EXERCISE >> Across the whole listing, return each line exactly, with no images included.
┌─ DATA SEGMENT
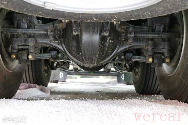 变速箱部分,这款车采用的是法士特10JSD120T十档箱,最高档是直接挡。搭配的后桥为汉德曼技术单级减速桥,速比为4.8。这样的传动比能够极大地发挥出发动机的马力,提高轮端输出的扭矩。
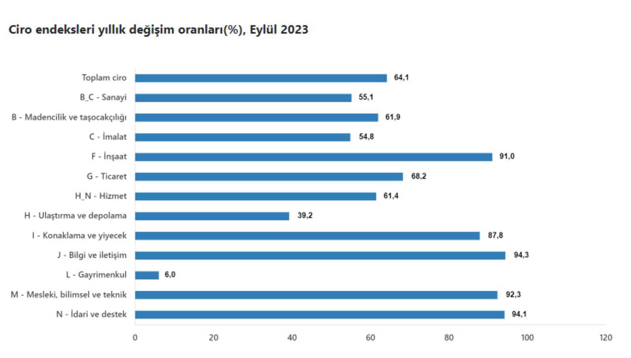 Buna göre, sanayi, inşaat, ticaret ve hizmet sektörleri toplamında ciro endeksi, 2023 yılı Eylül ayında yıllık yüzde 64,1 arttı.
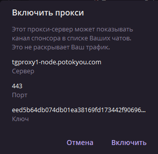 Нажмите «Включить». Готово — трафик Telegram идёт через прокси.
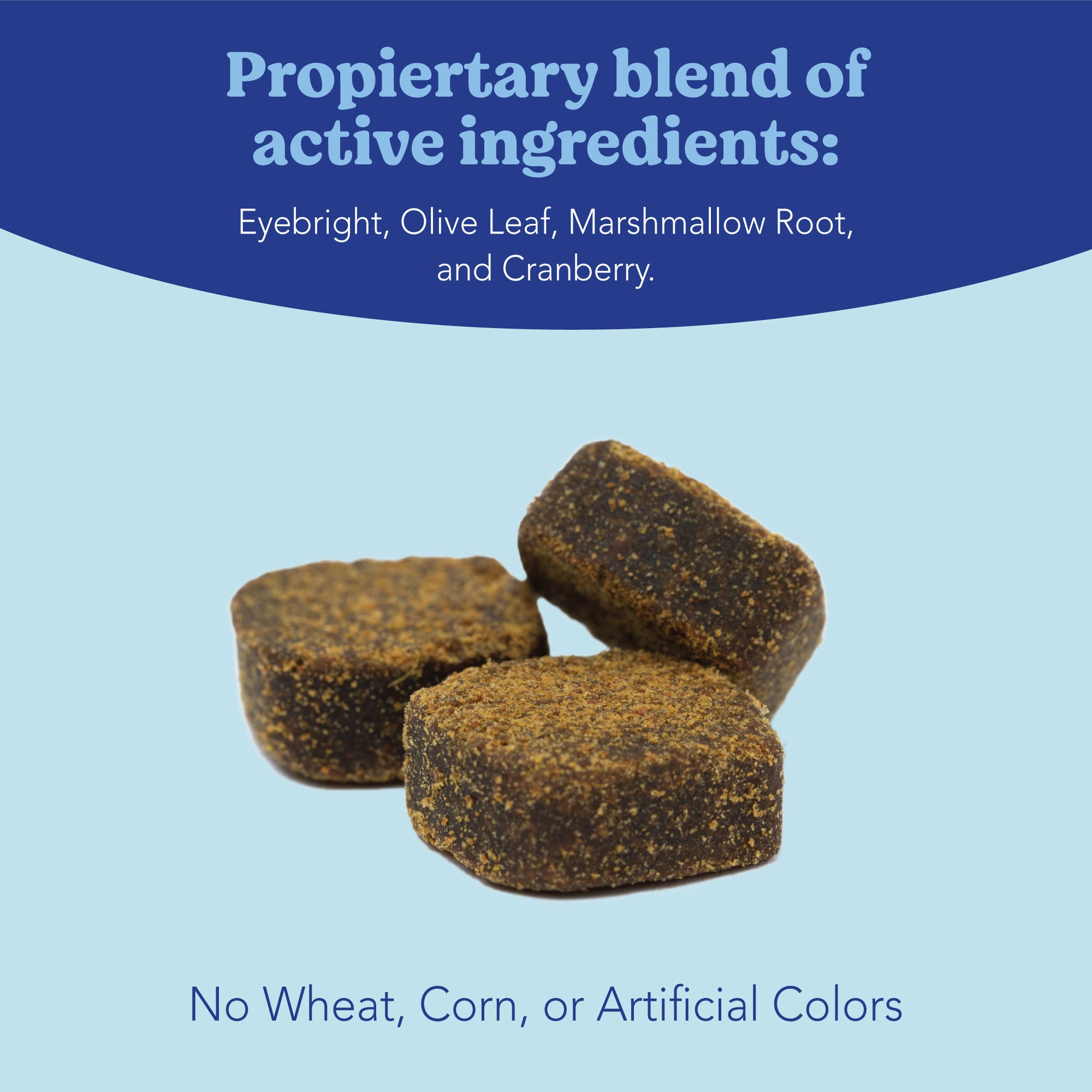 WIPES INGREDIENTS: Chamomile Extract and Aloe Vera help soothe irritated areas. Requires no rinsing. Combine with a Chew or Powder as part of a daily regimen.
└─
COMPLETED EXERCISE >>
 变速箱部分,这款车采用的是法士特10JSD120T十档箱,最高档是直接挡。搭配的后桥为汉德曼技术单级减速桥,速比为4.8。这样的传动比能够极大地发挥出发动机的马力,提高轮端输出的扭矩。
 Buna göre, sanayi, inşaat, ticaret ve hizmet sektörleri toplamında ciro endeksi, 2023 yılı Eylül ayında yıllık yüzde 64,1 arttı.
 Нажмите «Включить». Готово — трафик Telegram идёт через прокси.
 WIPES INGREDIENTS: Chamomile Extract and Aloe Vera help soothe irritated areas. Requires no rinsing. Combine with a Chew or Powder as part of a daily regimen.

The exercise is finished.